Man walks into Kentish Town police station and asks to be arrested for thinking 9/11 attacks were a ‘lie'

Thursday, 9th October 2014

911-web

A PLAYWRIGHT handed himself in to the police on Friday after the Prime Minister suggested in his United Nations speech that people “peddling lies” about 9/11 were to blame for young Muslims leaving this country to fight for the Islamic State.

Peter Neathey said he was “deeply shocked and disturbed” by David Cameron's speech before marching into Kentish Town Police Station in Holmes Road with a DVD about the mysterious “Building 7 collapse” and a hand-written statement.

Mr Neathey, who has lived in Kentish Town for 35 years, had recently put on a play about the  World Trade Centre attacks at the Etcetera Theatre in Camden Town. Former MI5 spy David Shayler was among the performers.

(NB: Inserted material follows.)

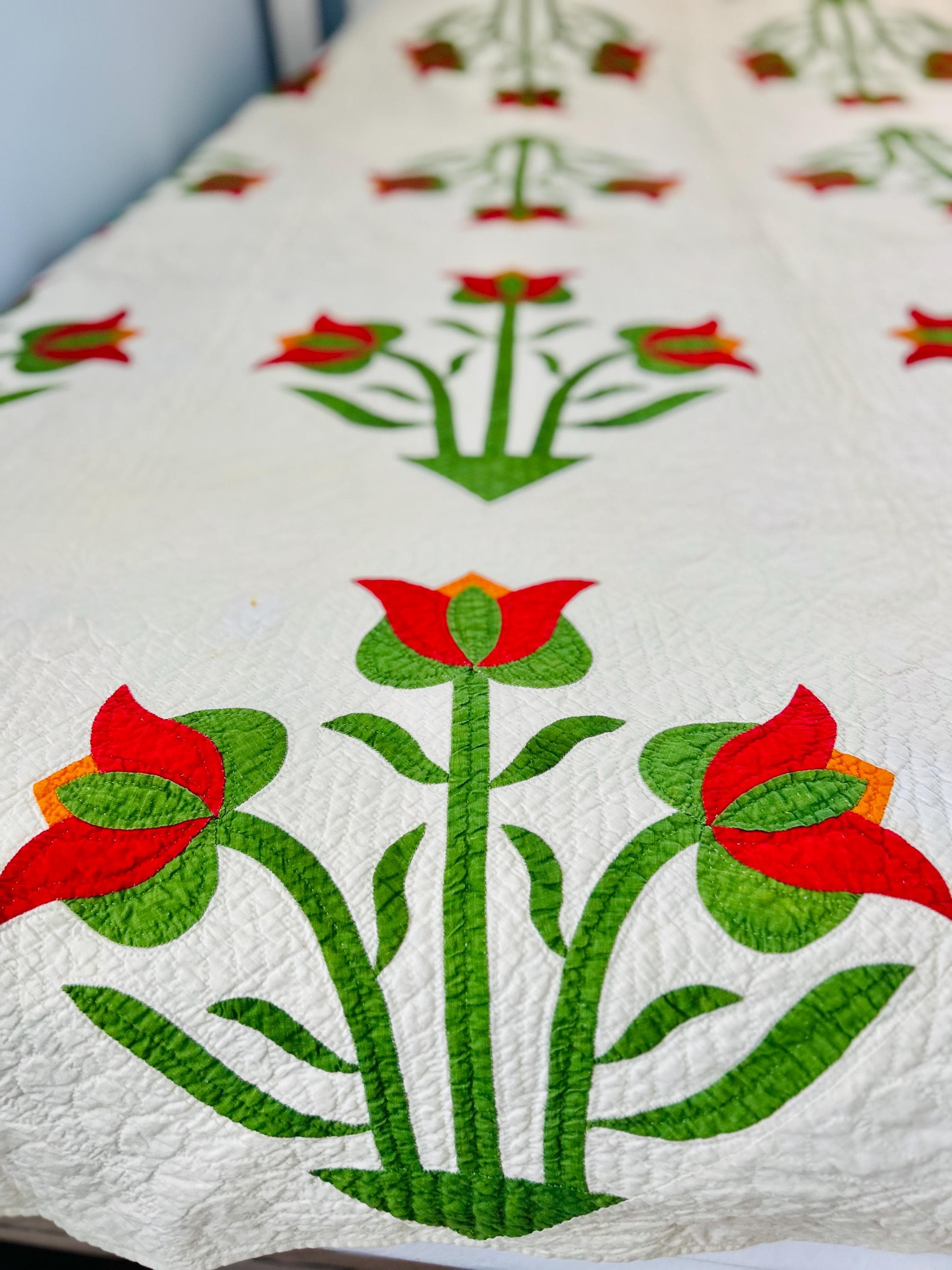 Details: • Date: circa 1890-1910 • Pattern: Tulip Basket (all-over layout) • Construction: hand appliquéd, hand quilted • Size: 78” x 80” • Condition: excellent antique condition

Mr Neathey said: “Hundreds of people from the local community have so far come to see my play. It has been universally well received as a catalyst for intelligent thought, discussion and debate. No one has expressed concern that it might be a recruiting tool for violent extremism.”

He added: “After extensive research, I became convinced that the official 9/11 narrative was in fact the 'lie'.”

After a 20 minute discussion, police said they would not arrest Mr Neathey as he had not committed a crime. 

In his speech to the UN in September, Mr Cameron said: “As evidence emerges about the backgrounds of those convicted of terrorist offences it is clear that many of them were initially influenced by preachers who claimed not to encourage violence, but whose world-view can be used as a justification for it: the peddling of lies: that 9/11 was a Jewish plot and the 7/7 London attacks were staged; the idea that Muslims are persecuted all over the world as a deliberate act of Western policy; the concept of an inevitable clash of civilisations.”

Seven Seconds explores the concept of “Cognitive Dissonance” or the mental stress in people unable to reconcile contradictory beliefs.